Kandaki şeker miktarının aşırı yükselişiyle idrarla glikoz atılmaya başlar. Sık idrara çıkma, ağızda kuruma, aşırı susama ve çok su içme gibi komplikasyonlar görülmektedir. Vücut gerekli enerjiyi glikozdan sağlayamaz. Protein ve yağ kaynaklarını kullanır. Böylece birey ağırlık kaybı yaşar ve idrarda keton atımı gözlenir. Yetersiz besin tüketimi, ağır egzersizler, aşırı doz insülin ve ilaç kullanımı durumlarında hipoglisemi dediğimiz kandaki şeker miktarının düşmesi durumu gözlenebilmektedir.
Endojen insülin hormonu üretiminin çok az olması veya hormonun hiç üretilmemesi durumunda tip1 diyabet, insülin hormonunun vücutta yeterince kullanılamaması durumunda tip2 diyabet gözlenmektedir.
Kan şekerinin sürekli yüksek olması durumunda; kalp damar hastalıkları, böbrek sorunları, görmede problemler, yaraların iyileşmesinde gecikme, duyu kaybı, felç, enfeksiyonlara yakalanma riskinin artışı gözlenmektedir. Bu komplikasyonların görülme riskini azaltmak için kan şekerinin normal aralıklarda olması sağlanmalıdır. Bunu sağlamak için; insülin ve ilaç tedavisinin yanında ömür boyu beslenme şekline dikkat edilmesi ve düzenli fiziksel aktivite yapılması önerilmektedir.
Beslenme tedavisinin başlıca amacı; açlık kan şekerini 70-120mg/dl aralığında tutmak ve tokluk kan şekeri 140mg/dl, total kolesterolü 200mg/dl, LDL kolesterolü 100mg/dl, hbA1c %6,5 ve trigliseridi 150mg/dl’ nin altındaki değerlere ulaştırmaktır.
Diyetlerde hangi besinler ne şekilde yer almalı?
Posa dediğimiz yiyeceklerin sindirilmeyen kısmının diyette yer alması insülin ihtiyacını azaltarak, kan şekerini kontrol altında almaktadır. Bu nedenle şeker hastaları diyetlerinde mutlaka posa miktarının artırılması önerilmektedir. Posa miktarını artırmak için; beyaz ekmek yerine kepekli ekmek tercih edilmeli. Haftada 2-3 kez kurubaklagil tercih edilmeli. Meyve suyu yerine meyvenin kendisi tercih edilmeli. Mümkünse kabuklarıyla birlikte tüketim yapılmalı. Pirinç yerine bulgur tercih edilmeli. Öğünlerde bol salata tercih edilmeli.

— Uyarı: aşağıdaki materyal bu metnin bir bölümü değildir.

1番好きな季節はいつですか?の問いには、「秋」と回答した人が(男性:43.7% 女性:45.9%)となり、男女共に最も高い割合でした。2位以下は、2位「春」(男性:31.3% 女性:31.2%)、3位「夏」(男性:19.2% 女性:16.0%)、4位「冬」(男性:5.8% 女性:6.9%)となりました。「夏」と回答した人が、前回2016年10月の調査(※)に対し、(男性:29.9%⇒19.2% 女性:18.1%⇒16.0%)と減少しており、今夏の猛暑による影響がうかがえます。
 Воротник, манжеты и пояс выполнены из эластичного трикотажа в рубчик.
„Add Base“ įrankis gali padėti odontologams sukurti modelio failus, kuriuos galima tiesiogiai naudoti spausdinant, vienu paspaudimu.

Diyabetik bireylerin diyet kolesterolünün 300mg/dl’nin altında tutmak gerekmektedir. Doymuş yağdan gelen enerji <%10, tekli doymamış yağdan gelen enerjinin %12- 15, çoklu doymamış yağdan gelen enerjinin <%8- 9 oranları sağlanmalıdır. Bu durumu sağlayabilmek için; kırmızı et yerine; tavuk, balık, hindi tercih edilmeli. Et yemeklerine ilave yağ kullanımından kaçınılmalı. Kuyrukyağı, katıyağ, tereyağ ve iç yağ tüketimine dikkat edilmeli. Sakatatların ve doymuş yağların tüketimi kısıtlanmalıdır. Kavurma, kızartma yerine sağlıklı pişirme yöntemleri kullanılmalı.
Uzun aralıklarla ve düzensiz besin tüketimi hipoglisemi ve hiperglisemiye sebebiyet vereceğinden sık sık beslenme sağlanmalıdır. Ana öğünlerin yanında ara öğünler de mutlaka tüketilmelidir.

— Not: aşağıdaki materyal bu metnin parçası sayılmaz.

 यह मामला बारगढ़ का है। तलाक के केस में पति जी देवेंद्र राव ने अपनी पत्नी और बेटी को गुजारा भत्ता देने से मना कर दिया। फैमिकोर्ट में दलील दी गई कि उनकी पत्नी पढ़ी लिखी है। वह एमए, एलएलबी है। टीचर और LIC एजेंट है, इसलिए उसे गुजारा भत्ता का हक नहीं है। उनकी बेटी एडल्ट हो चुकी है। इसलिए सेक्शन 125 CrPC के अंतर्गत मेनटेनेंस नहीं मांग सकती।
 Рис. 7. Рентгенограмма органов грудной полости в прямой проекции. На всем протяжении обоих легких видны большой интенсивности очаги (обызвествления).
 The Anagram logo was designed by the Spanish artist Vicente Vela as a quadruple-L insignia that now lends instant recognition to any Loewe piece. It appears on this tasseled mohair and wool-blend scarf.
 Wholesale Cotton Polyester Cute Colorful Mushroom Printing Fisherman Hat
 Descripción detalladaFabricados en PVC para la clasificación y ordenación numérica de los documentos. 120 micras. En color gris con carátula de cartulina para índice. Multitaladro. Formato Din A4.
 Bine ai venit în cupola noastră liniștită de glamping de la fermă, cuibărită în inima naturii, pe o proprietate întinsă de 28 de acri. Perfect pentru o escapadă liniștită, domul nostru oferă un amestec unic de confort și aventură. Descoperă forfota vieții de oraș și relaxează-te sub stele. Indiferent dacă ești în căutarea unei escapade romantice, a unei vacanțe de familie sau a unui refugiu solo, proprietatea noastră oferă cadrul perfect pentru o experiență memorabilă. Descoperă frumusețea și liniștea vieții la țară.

Diyet ürünleri ve yapay tatlandırıcıların tüketiminin serbest olmadığı unutulmamalıdır. Ürün çeşidini ve miktarlarını belirlerken diyetisyene danışılması gerektiği bilinmelidir.
Çay şekeri, reçel, marmelat, şekerlemeler, çikolata, bal, pekmez, dondurma, pasta, tatlı, meşrubat gibi besinler hızla kana karışarak ani kan şekeri yükselmelerine sebep olmaktadır. Bu tür besinlerin tüketiminden kaçınılmalıdır.
Bireyin uygun vücut ağırlığı sağlanarak yeterli ve dengeli bir beslenme programı uygulanmalıdır. Sigaradan uzak durulmalıdır.